AMM sostiene l’opposizione contro il Festival filogovernativo eritreo di Bologna

Dal 4 al 6 luglio si svolgerà al Parco Nord di Bologna il Festival eritreo. La capitale emiliana ha ospitato il festival in passato, durante la guerra di liberazione contro l’Etiopia, quando la diaspora eritrea cercavano di sensibilizzare l’opinione pubblica italiana e internazionale alla causa della libertà e dell’autodeterminazione del popolo eritreo.

Il festival di quest’anno, organizzato da alcuni gruppi filogovernativi eritrei, ha ben altri scopi. Il regime totalitario e repressivo di Isaias Afewerki  ha trasformato il festival in un evento di propaganda filogovernativa, in una celebrazione della personalità del presidente, ma soprattutto in un’occasione per mettere a tacere la sempre più crescente opposizione, composta dalla nuova generazione di rifugiati eritrei, vale a dire da quegli uomini e quelle donne che riescono a raggiungere le nostre coste dopo essere stati schiavizzati dai trafficanti di esseri umani, dopo aver subito le violenze degli scafisti e dopo essere stati schedati e ridotti a numero dalle autorità italiane.

Nonostante ciò il Comune di Bologna ha concesso lo spazio per l’evento. Un errore che le rappresentanze istituzionali locali hanno tentato di giustificare dicendo che avevano dato per scontato che il Festival fosse soltanto una “normale festa locale della comunità eritrea di Bologna” (Corriere di Bologna, 28 giugno). Di fronte alle proteste del Coordinamento Eritrea Democratica e di varie organizzazioni per i diritti umani, tra cui Amnesty International, il Comune ha ritirato il proprio patrocinio all’iniziativa.

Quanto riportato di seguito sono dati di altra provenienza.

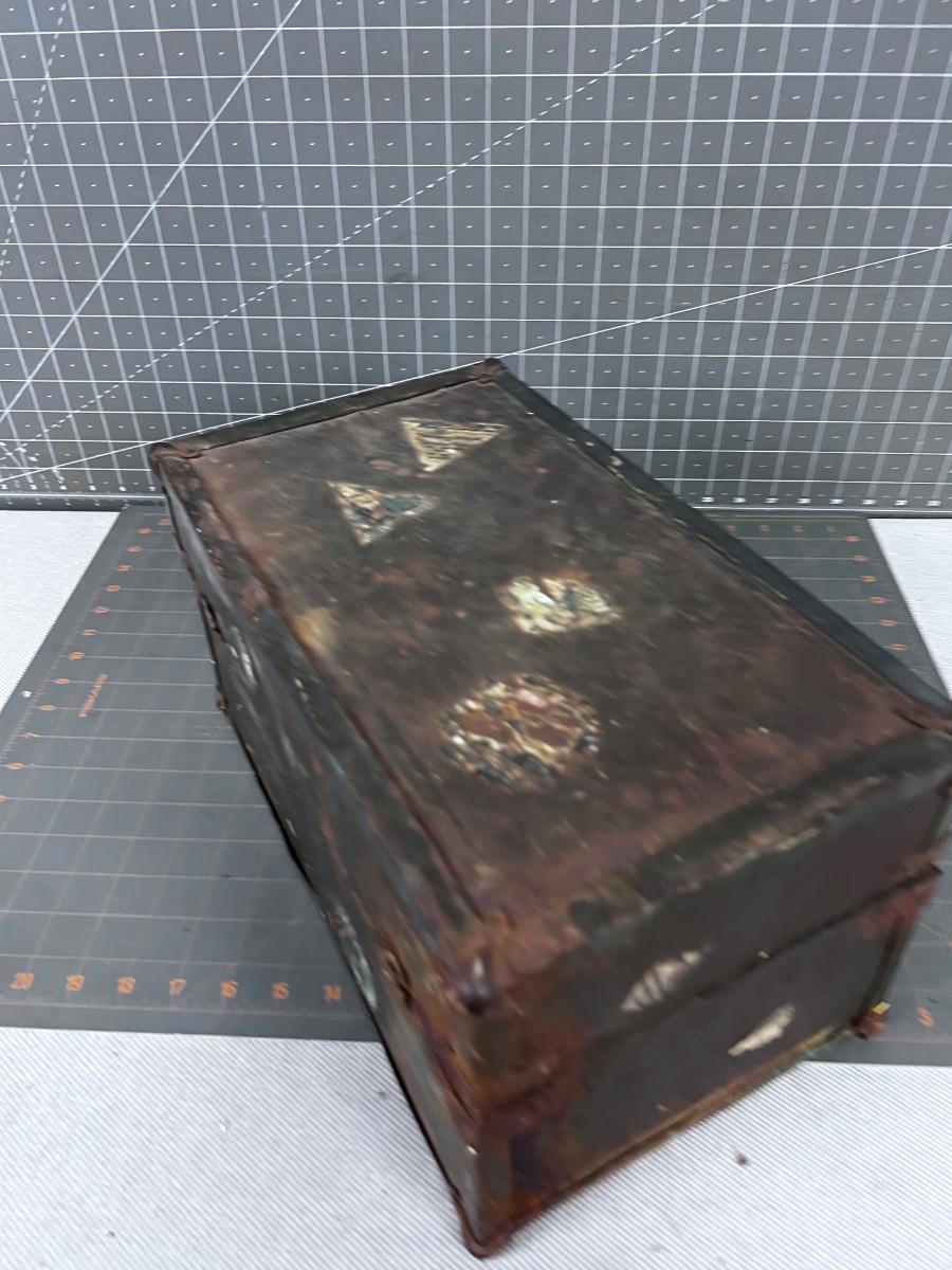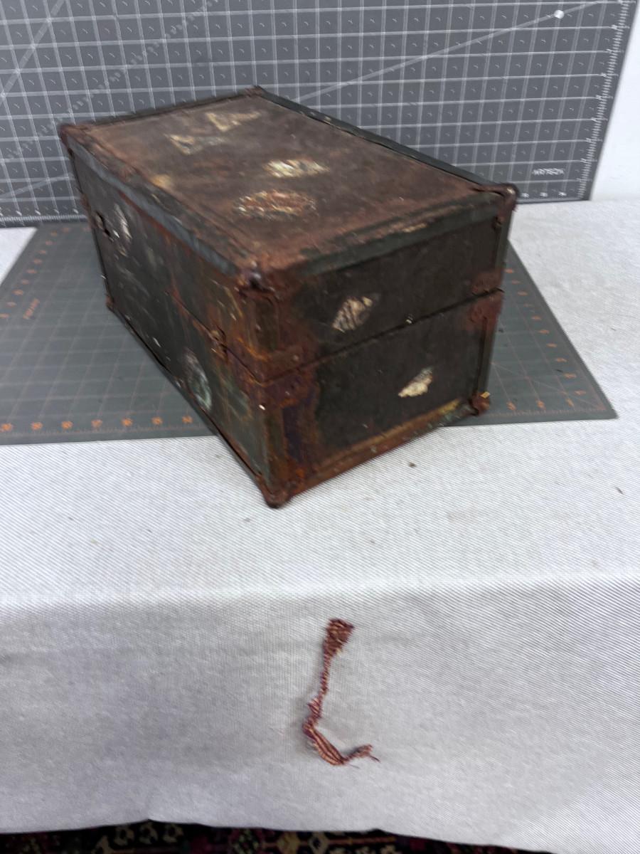 Fun Collection of Unique Items. 14 x 8 x 8" Trunk Shows Wear. No Hinges and a broken Latch.

Il 5 luglio, l’opposizione eritrea terrà un seminario pubblico sulla situazione nel paese al Cinema Sotto Le Stelle. Parteciperanno anche rappresentanze del Comune per riparare all’imbarazzante errore.

Come Archivio Memorie Migranti, sosteniamo le iniziative dell’opposizione eritrea al regime di Isaias Afewerki e invitiamo tutti coloro che credono nella democrazia e nella libertà di tutti i popoli a partecipare all’evento. Chiediamo anche una maggiore consapevolezza e sensibilità delle istituzioni sulla situazione politica dei paesi dei rifugiati, richiedenti asilo e migranti che vivono nelle nostre città.